┌─ Data records
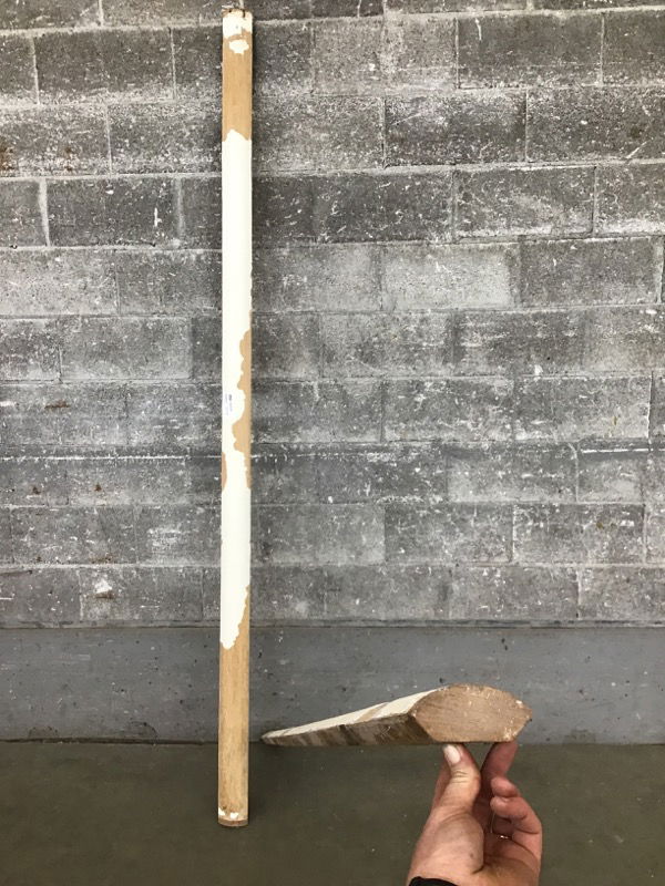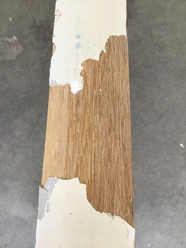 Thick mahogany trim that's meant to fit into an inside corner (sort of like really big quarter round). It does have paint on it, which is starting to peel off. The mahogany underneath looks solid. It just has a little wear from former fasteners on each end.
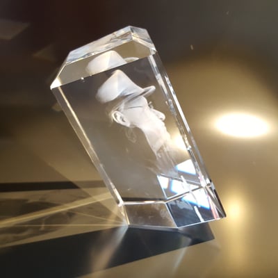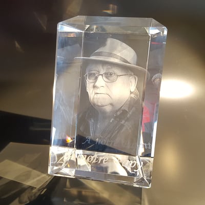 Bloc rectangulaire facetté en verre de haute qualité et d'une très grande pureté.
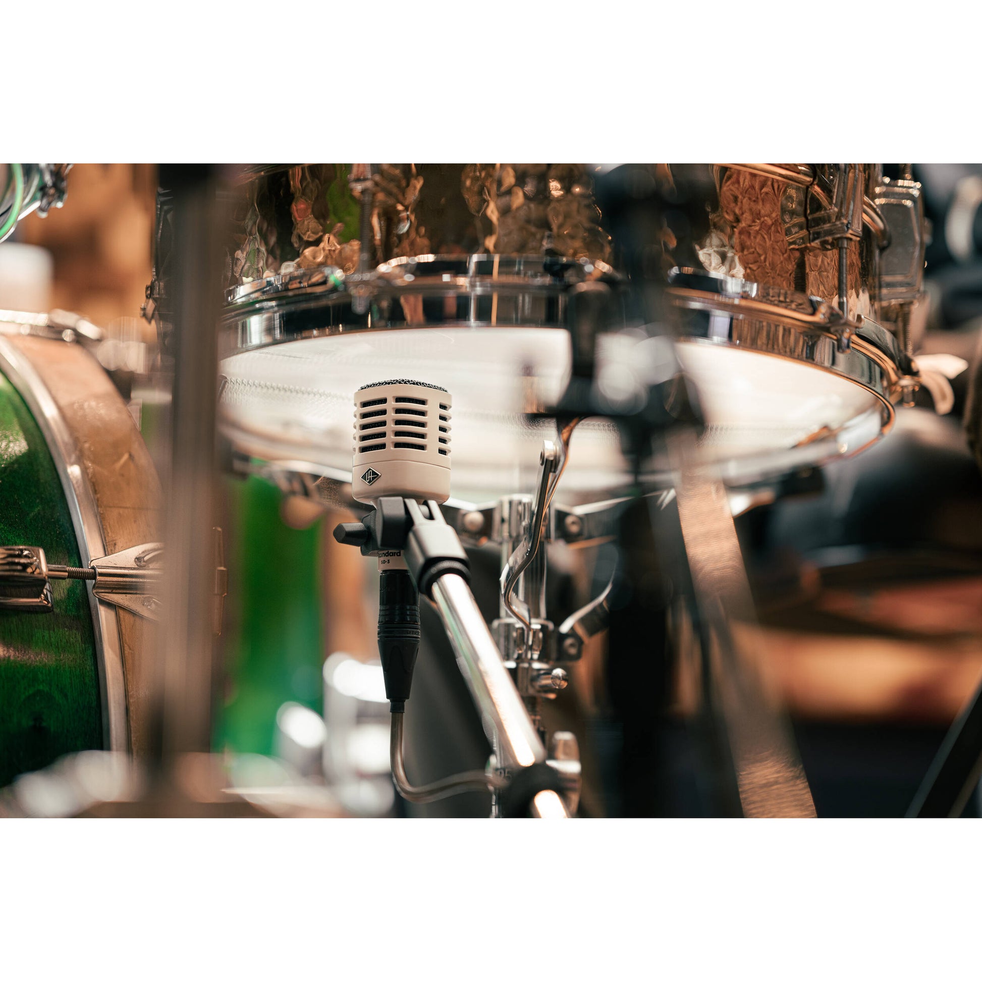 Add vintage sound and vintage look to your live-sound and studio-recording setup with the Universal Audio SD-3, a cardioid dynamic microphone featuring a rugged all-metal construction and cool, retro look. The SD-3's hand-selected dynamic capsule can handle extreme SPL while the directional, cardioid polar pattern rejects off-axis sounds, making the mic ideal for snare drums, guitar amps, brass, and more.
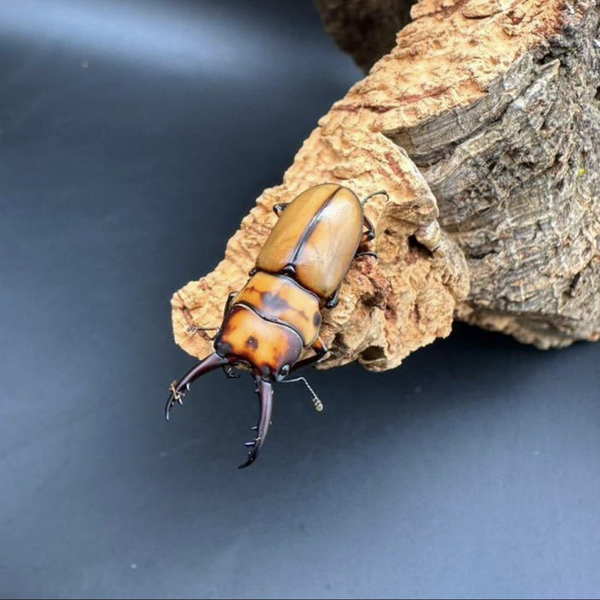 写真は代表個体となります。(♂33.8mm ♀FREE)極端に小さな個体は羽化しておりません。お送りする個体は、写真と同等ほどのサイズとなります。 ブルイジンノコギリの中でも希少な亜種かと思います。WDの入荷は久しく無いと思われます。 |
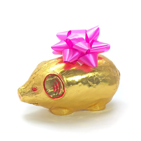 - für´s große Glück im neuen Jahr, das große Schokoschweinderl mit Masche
└─
Each entry is to be output exactly, and no picture is to appear.

Written solution:
 Thick mahogany trim that's meant to fit into an inside corner (sort of like really big quarter round). It does have paint on it, which is starting to peel off. The mahogany underneath looks solid. It just has a little wear from former fasteners on each end.
 Bloc rectangulaire facetté en verre de haute qualité et d'une très grande pureté.
 Add vintage sound and vintage look to your live-sound and studio-recording setup with the Universal Audio SD-3, a cardioid dynamic microphone featuring a rugged all-metal construction and cool, retro look. The SD-3's hand-selected dynamic capsule can handle extreme SPL while the directional, cardioid polar pattern rejects off-axis sounds, making the mic ideal for snare drums, guitar amps, brass, and more.
 写真は代表個体となります。(♂33.8mm ♀FREE)極端に小さな個体は羽化しておりません。お送りする個体は、写真と同等ほどのサイズとなります。 ブルイジンノコギリの中でも希少な亜種かと思います。WDの入荷は久しく無いと思われます。 |
 - für´s große Glück im neuen Jahr, das große Schokoschweinderl mit Masche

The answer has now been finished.